Following our initial communication on July 19, we are providing additional details about the security incident. The recent security breach suffered by WazirX, underscores the urgent need for robust security measures and investor protection across the industry. On July 18, 2024, Liminal was notified of a security incident involving a self-custody multi-signature smart contract wallet belonging to one of our customers, WazirX. This wallet, independently created and subsequently imported onto the Liminal platform, was compromised on July 18. Our preliminary investigation points to a customer level compromise via a sophisticated intrusion.
We want to unequivocally state that Liminal’s platform, infrastructure, wallets, and assets remain completely secure.
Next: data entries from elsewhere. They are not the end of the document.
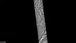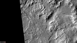 Janssen Crater is an impact crater in the Arabia quadrangle on Mars at 2.7° N and 322.4° W. and is 154 km in diameter. Its name was approved in 1973, and refers to French astronomer Pierre Janssen.[1] Some close up images of the crater reveal layers in a floor deposit. A picture below show these layers, as well as dark slope streaks. The darker the streak, the younger it is. The layers on the floor of Janssen may have been formed on the bottom of lakes.[2][3][4]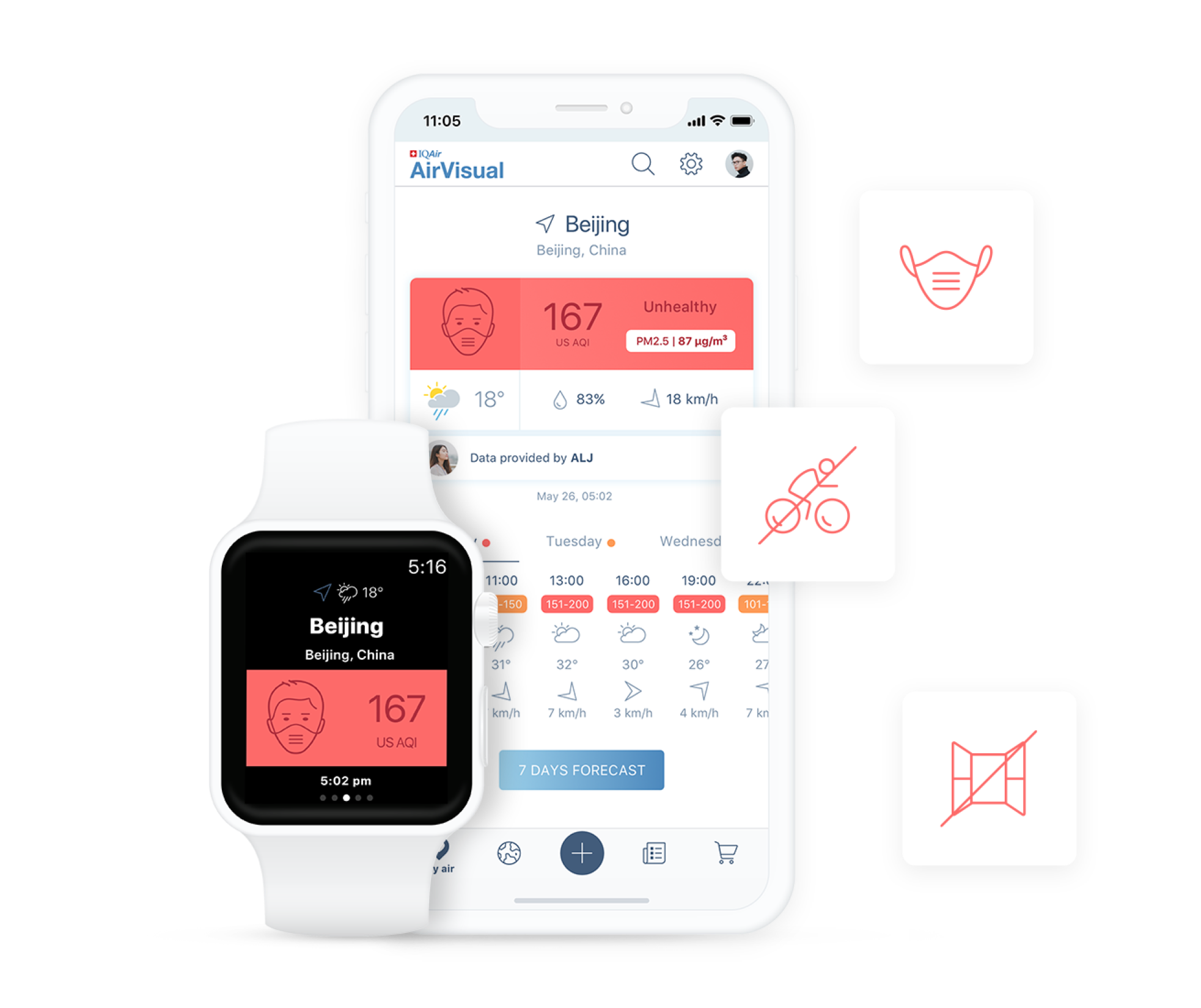 Приложението AirVisual може да предостави 3-дневна прогноза за замърсяването на въздуха и времето в повече от 5000 града по света. AirVisual използва „машинно обучение“, което е подмножество на изкуствения интелект, за да прогнозира замърсяването и времето, което след това се показва в приложението. Прогнозата за замърсяването и времето се показва на 3-часови интервали, като се показват също температура, влажност и скорост на вятъра.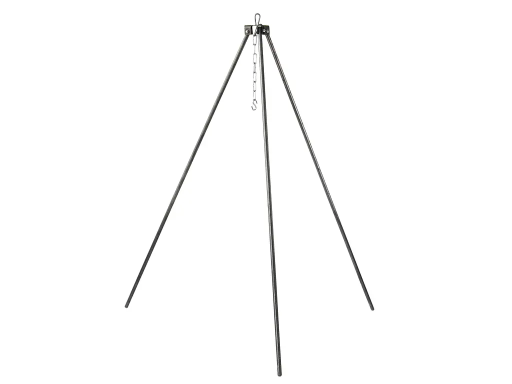 Зручна розладна тринога - практична і універсальна річ для приготування страв в казані. Вона має зручну конструкцію, що доволяє регулювати висоту і ширину розміщення трьох опорних ніжок та забезпечити оптимальне розташування посуду над багаттям. Зручна у транспортуванні, тринога легко складаться/розкладається і не потребує багато місця для зберігання. Надійна металева конструкція зроблена з міцного сплаву, що не деформується. Оснащена ціпком з гачком, що додатково дозволяє регулювати висоту підвісу посуду.
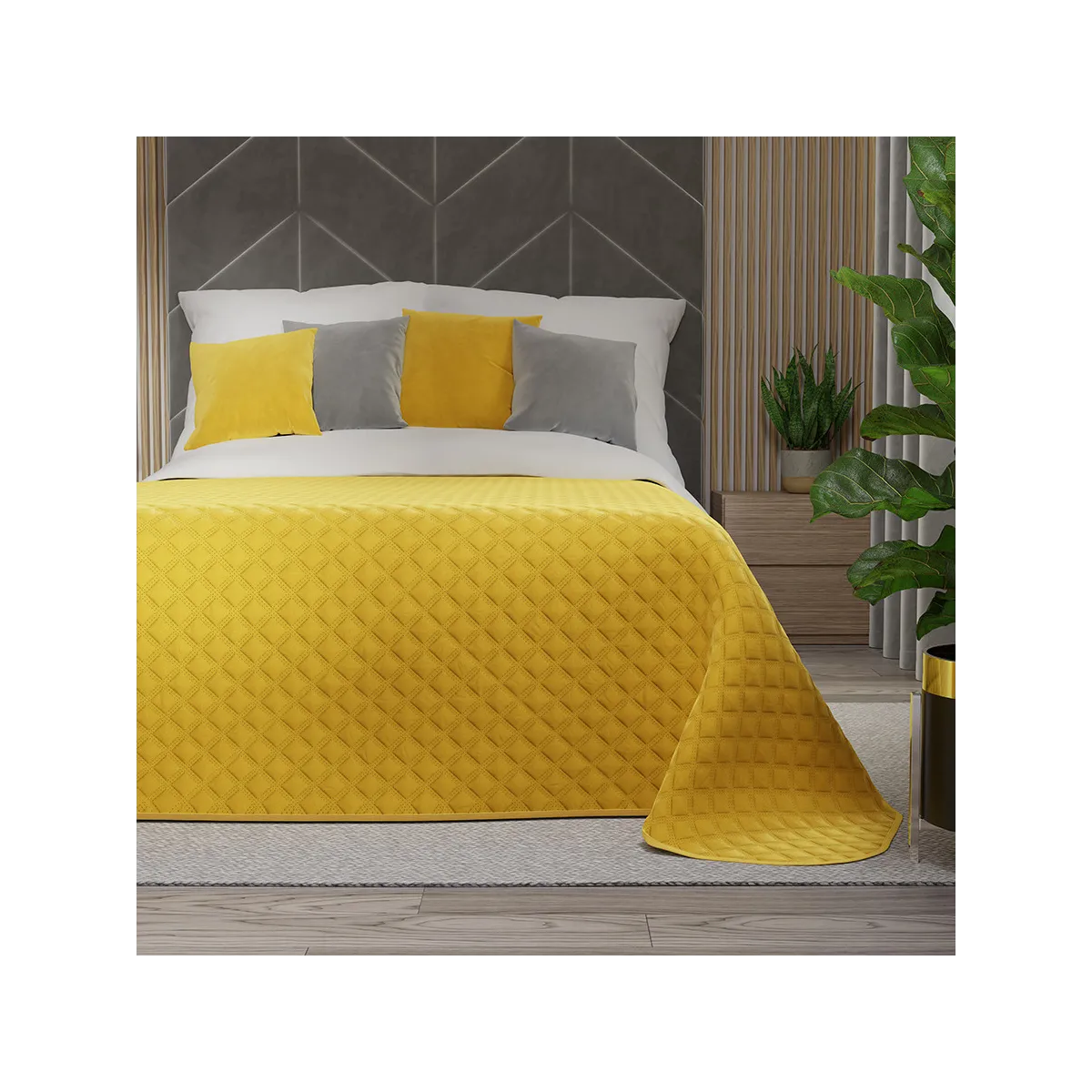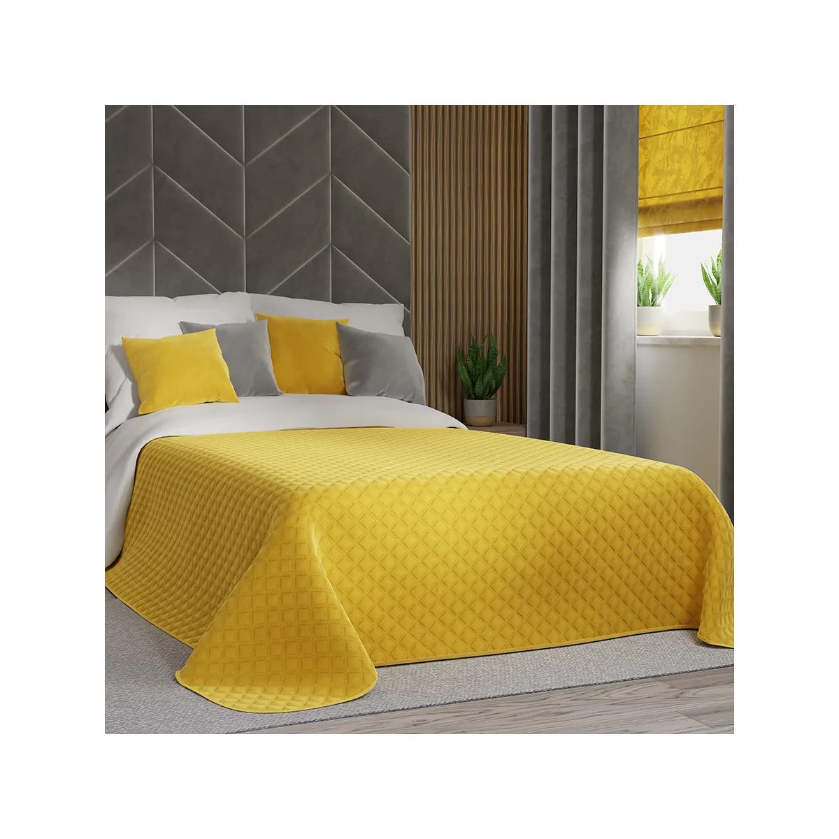 Odkryj intensywność koloru narzuty VELVI w radosnym, słonecznym żółtym odcieniu. Geometryczny wzór dodaje wnętrzu energii i nowoczesnego stylu. Idealna na większe łóżka, o wymiarach 220x240cm, zapewnia komfort i wyrazisty akcent w każdej sypialni.

Our operations have not been disrupted, and we continue to process transfers and withdrawals for all customers without interruption. Additionally, the impacted customer continues to hold significant funds in Liminal wallets indicating the resilience of our platform. While it is premature to have any conclusion, it is important to focus on completing a thorough investigation. To that effect and towards our commitment to uphold the highest standards of transparency, Liminal has proactively engaged independent CERT-certified, third-party experts to conduct thorough forensic audits which will be backed by published reports. Alongside we also continue to be engaged with relevant authorities. As a wallet infrastructure support platform, we emphasize that this incident originated from an external source, underscoring the crucial need for comprehensive security measures across platforms to minimize risk.
A Closer Look at Liminal’s Custody Services: It is important to clarify that the product in question for this incident is our self-custody wallet infrastructure, wherein a majority of the private keys that control and operate the wallets remain with our clients on their infrastructure. In this product, Liminal can never initiate a transaction. Transactions always originate at our client’s end. With this setup our clients are the custodians of the user assets and are responsible for having proper security measures, a secure infrastructure setup and insurance in place. We also assist our self-custodial wallet infrastructure clients who want to get insurance, by connecting them with some of the best insurance providers globally.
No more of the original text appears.